Coming out as a fully fledged adult can feel like staring at yourself in a funhouse mirror: Am I looking at the same me I was looking at before? Have I
been wrong this whole time? Am I faking it? Or, as the chef and food writer Molly Wizenberg says in her new memoir, The Fixed Stars, you may find yourself plagued by the Sisyphean frustration of someone banging her head against the wall: “Who am I? Who am I? Who am I?”
For Wizenberg, this string of questions came in her late 30s, when she was married with a small child, running two businesses with her husband, and overtaken by a crush that began, of all places, at jury duty. That crush was the first crack in the foundation of her life; the questions were the force that pulled it apart. The Fixed Stars is her effort to survey the new landscape and how she arrived there with a fine toothed comb.
The first seeds of the book came as a blog post on Wizenberg’s beloved food blog Orangette. (It’s named for those little chocolate-dipped candied orange peels.) She started the site in 2004 after abandoning a PhD in anthropology in hopes of becoming a food writer, or maybe even just a food writer’s assistant. The site took off quickly, due to Wizenberg’s homespun vibe and the deep, wide-eyed pleasure she took in small things, many of which happened in her kitchen. (“Satisfaction is a fine roasted chicken and a slab of ridiculously rich chocolate cake, honey,” she wrote in an early blog post from 2004.) A book deal came out of it, and a new relationship—her now ex-husband, Brandon Pettit, first emailed her because a friend had passed on Orangette as something he might like.

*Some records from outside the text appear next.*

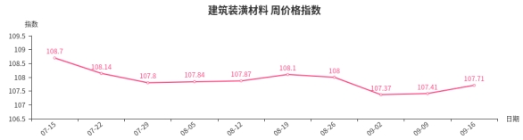 本周,建筑装潢材料类周价格指数收于107.71点,环比上涨0.30点,涨幅0.28%。从盘面看,二级分类中多数出现上涨,其中装饰材料类指数上涨幅度最大,环比上涨0.31点,成拉动指数上涨主力,专用材料类指数上涨0.05点,其他两类指数持平。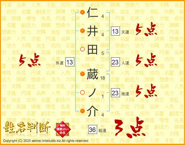 仁(4画)井(4画)田(5画) 蔵(18画)ノ(1画)介(4画)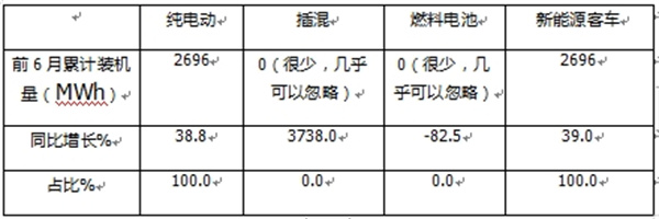二、6月及前6月新能源客车动力电池装机量整体情况简析
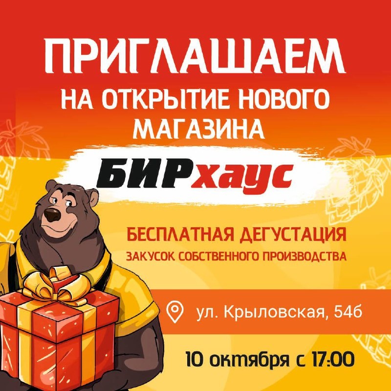🎉 10 октября в 17:00 по адресу ул. Крыловская, 54Б состоится открытие БИРцеха! 🍺 #БИРцех — это не просто закуски к пиву, а вкусная продукция, приготовленная с любовью и заботой о качестве ❤️ ✨ На дегустации вас ждёт: 🍟 Фри-продукция — от ароматной картошки до мойвы в панировке 🥖 Хрустящие гренки собственного производства с чесночным соусом Приходите, пробуйте, знакомьтесь с ассортиментом и атмосферой БИРцеха! Ждём вас 🙌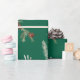 A watercolor-painted pattern of spruce and pine branches with cones, red berries and winter greenery on this classic Christmas holiday wrapping paper on a rich forest green colour background.
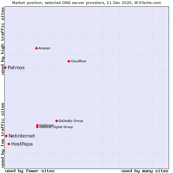 TechnologiesContent ManagementServer-side Languages Client-side Languages JavaScript Libraries CSS Frameworks Web Servers Web Panels Operating Systems Web Hosting Data Centers Reverse Proxies DNS Servers Email Servers SSL Certificate Authorities Content Delivery Traffic Analysis Tools Advertising Networks Tag Managers Social Widgets Site Elements Structured Data Markup Languages Character Encodings Image File Formats Top Level Domains Server Locations Content Languages | Technologies > DNS Servers > Technology usage comparison Comparison of the usage statistics of HostPapa vs. Netinternet vs. Patmos for websitesThis report shows the usage statistics of HostPapa vs. Netinternet vs. Patmos as DNS server provider on the web. See technologies overview for explanations on the methodologies used in the surveys. Our reports are updated daily. UsageThis diagram shows the percentages of websites using the selected technologies. How to read the diagram: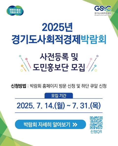 [파이낸셜경제=김영란 기자] 경기도와 경기도사회적경제원은 오는 9월 12일과 13일 양일간 수원컨벤션센터에서 열리는 ‘2025년 경기도사회적경제박람회’의 공식 누리집을 7월 14일 오픈하고 본격 홍보에 돌입했다.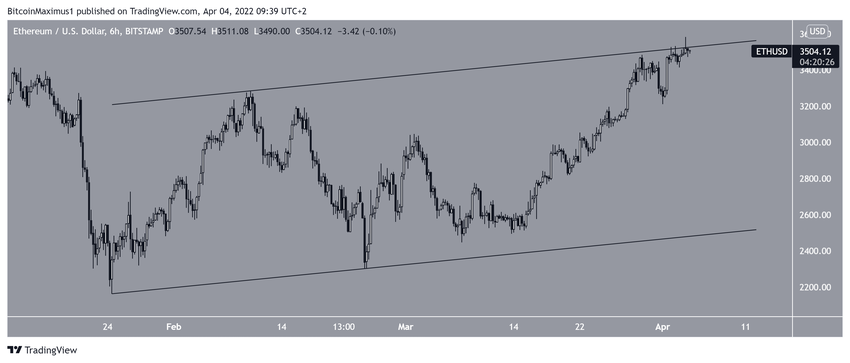 Le graphique sur six heures montre qu’Ethereum se négocie à l’intérieur d’un canal parallèle ascendant depuis le 24 janvier. Actuellement, il se trouve juste en dessous de la ligne de résistance du canal.

By 2016, the blog had slowed, as so many have since their early-2000s boom. But in late November, after nearly two months of radio silence, Wizenberg resurfaced and published a lengthy blog post coming out. The post reads like a clear-headed account of a hurricane written from its roving eye. “I’m learning who I am, and I can’t stop,” Wizenberg wrote. She said she and Pettit had separated; he had moved out, and they were coparenting; she no longer identified as straight, but didn’t have a tidy category for herself yet.
“I felt this incredible pressure because it felt like I was hiding, and the post felt like relieving that pressure,” Wizenberg told ELLE.com of the blog post, which now has over 500 comments. At the time, she was in her second queer relationship, with the person she’s now married to, Ash Wizenberg-Choi. “I couldn’t stand the thought of being out somewhere with Ash, and being affectionate, and having someone who knew me only through my writing see me and think that I had been deceitful. Not towards my husband so much, but that I was deceiving the reader somehow.” This dogged desire for self-knowledge and resolution animates The Fixed Stars, as well as an almost self-flagellating fixation on the question of whether or not she had just been closeted, whether something in her shifted, or whether she was queer all along.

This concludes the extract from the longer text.